In one video, the blogger can be seen standing in the midst of a wave of dust caused by a buggy nearby. She thanked her "Saudi friends" aka "the buggy and camel drivers" who spent hours to make the video a reality "without any pay."

Another visitor to the country was Lesley Murphy, a travel journalist and TV personality, who not only documented her experience on social media but also wrote an entire blog post on the journey.

Murphy, a former contestant on the reality TV show The Bachelor, rose to fame following her appearance on the show. She then created a travel blog titled "The Road Les Traveled" and later posted about her Saudi trip on there.

"As a country that's been closed for so many years to foreign visitors, there's a lot of infrastructure that needs to be developed – whether that's structural, technical or social," she wrote.

Murphy was also invited to tour the kingdom as part of Gateway KSA, and she, just like Lal, was hesitant to accept the invitation.

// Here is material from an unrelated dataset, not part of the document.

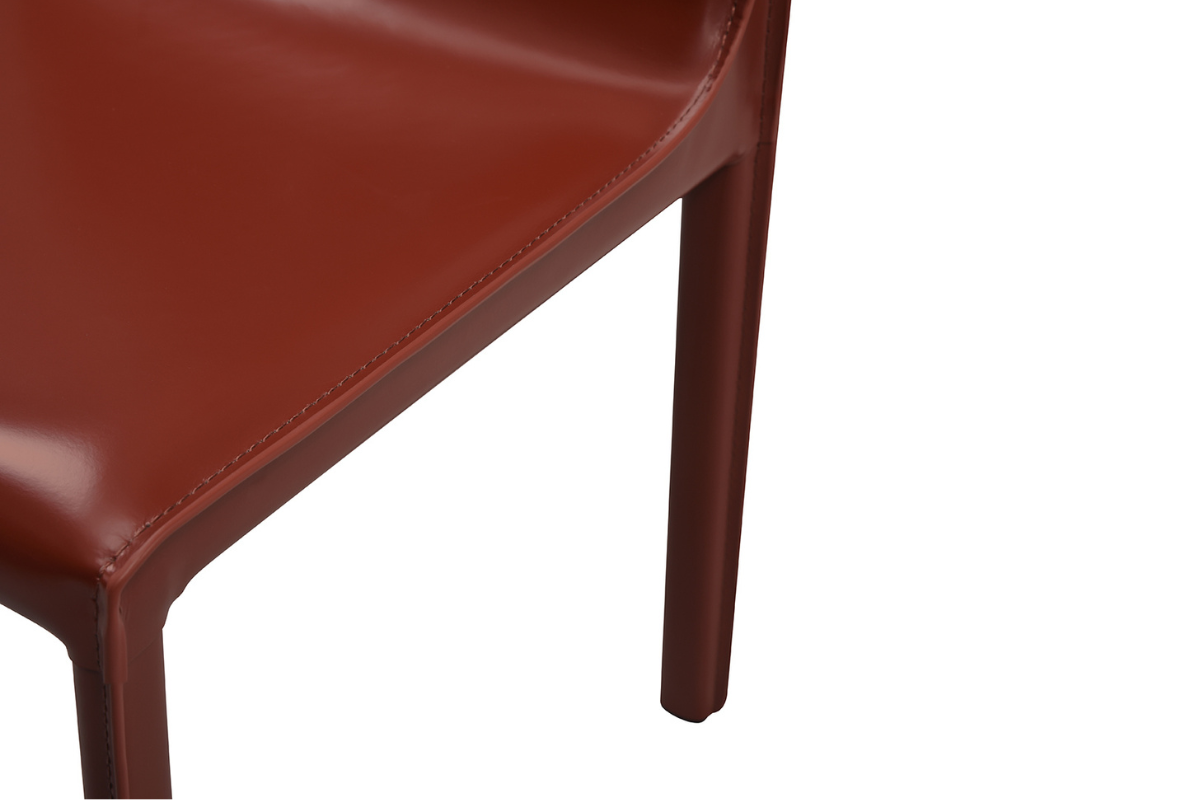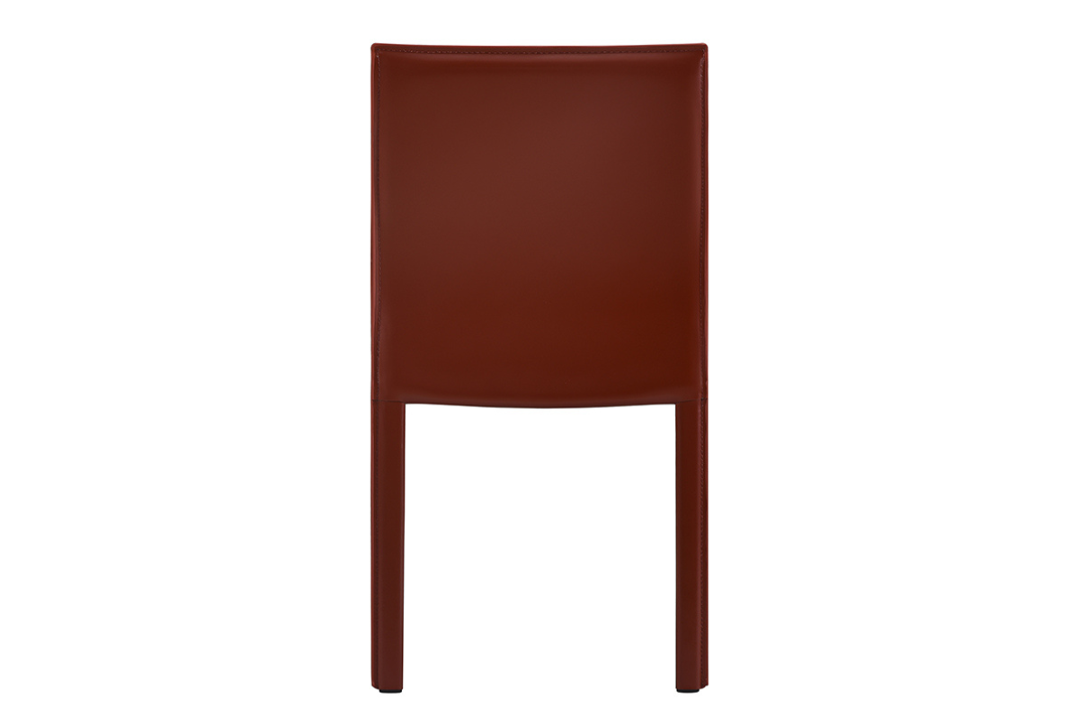 Set of 2 armless dining chairs in a rich burgundy colour.

"It's not a country that's been at the top of my bucket list, but I'm innately curious and have an infinite longing to see faraway lands," she added.

"I always advocate for learning through experience rather than adhering to the status quo. Breaking stereotypes is imperative today as division separates us more than ever. So, I went."

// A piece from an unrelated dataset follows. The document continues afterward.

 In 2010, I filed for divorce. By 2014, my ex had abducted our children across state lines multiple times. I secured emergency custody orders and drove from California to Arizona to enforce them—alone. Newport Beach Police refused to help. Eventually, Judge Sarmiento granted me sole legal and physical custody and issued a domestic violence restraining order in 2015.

From the Masmak Fortress in Riyadh to the rocky desert "The Edge of The World" outside of the city, Murphy explored the ins and outs of the kingdom. She also explored the cities of Jeddah and Al-Ula, which is known for its beautiful landscapes and scenery.

Other influencers who were invited to the kingdom include LA-based Morgan Oliver-Allen, Sydney-based photographer Gab Scanu, Greek content creator Ioannis Koulousis, Jordanian travel filmmaker Joe Hattab, among several others.

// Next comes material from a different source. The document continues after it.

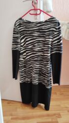 Haljina sa zebrinim printom i dugačkim rukavima. Gornji deo u crno-belim prugama, donji deo u jednobojnoj crnoj boji, sa vizuelnim blokom boja koji izdužuje figuru. Okrugli izrez, ravnog kroja, dužina do kolena ili malo ispod. Diskretan metalni rajsferšlus na leđima olakšava oblačenje. Materijal je elastičan i udoban, pogodan za svakodnevno nošenje ili poslovne prilike. Dva funkcionalna kosa šlica-džepa napred za praktičnost. Klasičan, modernog dizajna, lako se kombinuje sa čizmama ili salonkama.
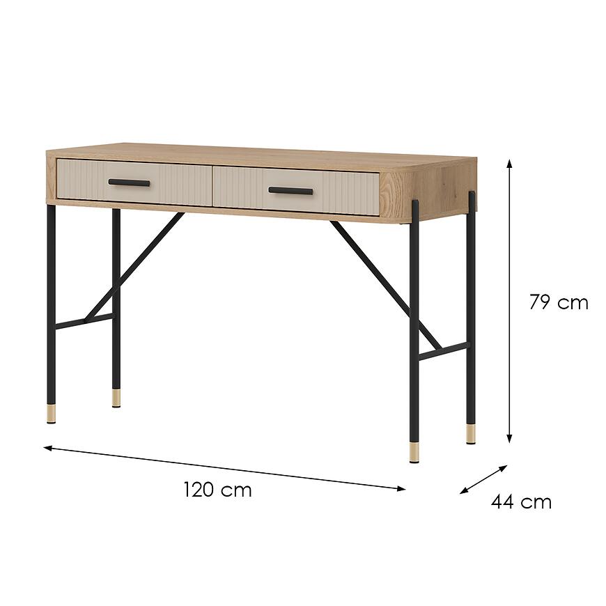 Toaletka ma wymiary 120 cm szerokości, 44 cm głębokości i 79 cm wysokości, co zapewnia komfortową przestrzeń do codziennej pielęgnacji, makijażu oraz przechowywania akcesoriów. Dwuszufladowa konstrukcja umożliwia utrzymanie porządku i przechowywanie kosmetyków, biżuterii lub innych drobiazgów w zasięgu ręki.

According to Gateway KSA, their influencers do more than just ride camels and explore deserts.

"They (for the most part) engage with locals. Chat to them about daily life, culture, events, the future, food, pop culture… they have discussions on political issues, social practices and laws," Gateway KSA wrote in one caption on Instagram.

According to Bloomberg, Gateway KSA does not "have a direct relationship with the government." The publication pointed out that some sponsors include state-controlled companies such as Saudi Telecom, Saudi Basic Industries, and Saudi Arabian Airlines.

"It [Gateway KSA] is not a propaganda exercise," Prince Turki said, explaining that influencers are free to post and say whatever they want.

"It's simply a human engagement exercise," he added.

A key goal under Vision 2030 is to increase the number of tourists who visit Saudi Arabia and revenues generated from the sector to 18 percent in the next 14 years. Under the same scheme, Saudi Arabia is expected to host up to 1.5 million tourists by 2020. It's true that much of that number comes from religious tourism, but that doesn't mean effort hasn't been put into the growth of the leisure tourism sector.

Though this hasn't been officially announced by government officials, but last month, Arab News reported that industry sources confirmed there would be an event titled "Saudi Arabia opens to tourism" later this month. It aims to showcase the country's tourist attractions. The government has said its plans "hadn't been finalized yet," according to Bloomberg. Tourist visas have been in the making for quite some time and underwent a trial period between 2008 and 2010.

In 2017, some Saudi travel agencies – classified in category D – were given the authorization to begin issuing travel visas. Formerly, visas were only available to pilgrims, business people with a local sponsor, and family members of residents.

On top of making travel to the country more accessible, Saudi Arabia has been putting time and resources into transforming the kingdom into a tourism hotspot. The kingdom is currently working on developing its Red Sea coast into a luxury beach destination governed by "independent laws." The project aims at transforming Saudi Arabia's Red Sea coastline into a global hub for tourists, with luxury hotels and pristine beaches. Construction work on the project began earlier this year. The first phase is expected to be completed by the end of 2022 including the development of hotels and luxury residential units, as well as all logistical infrastructure including air, land, and sea transport hubs.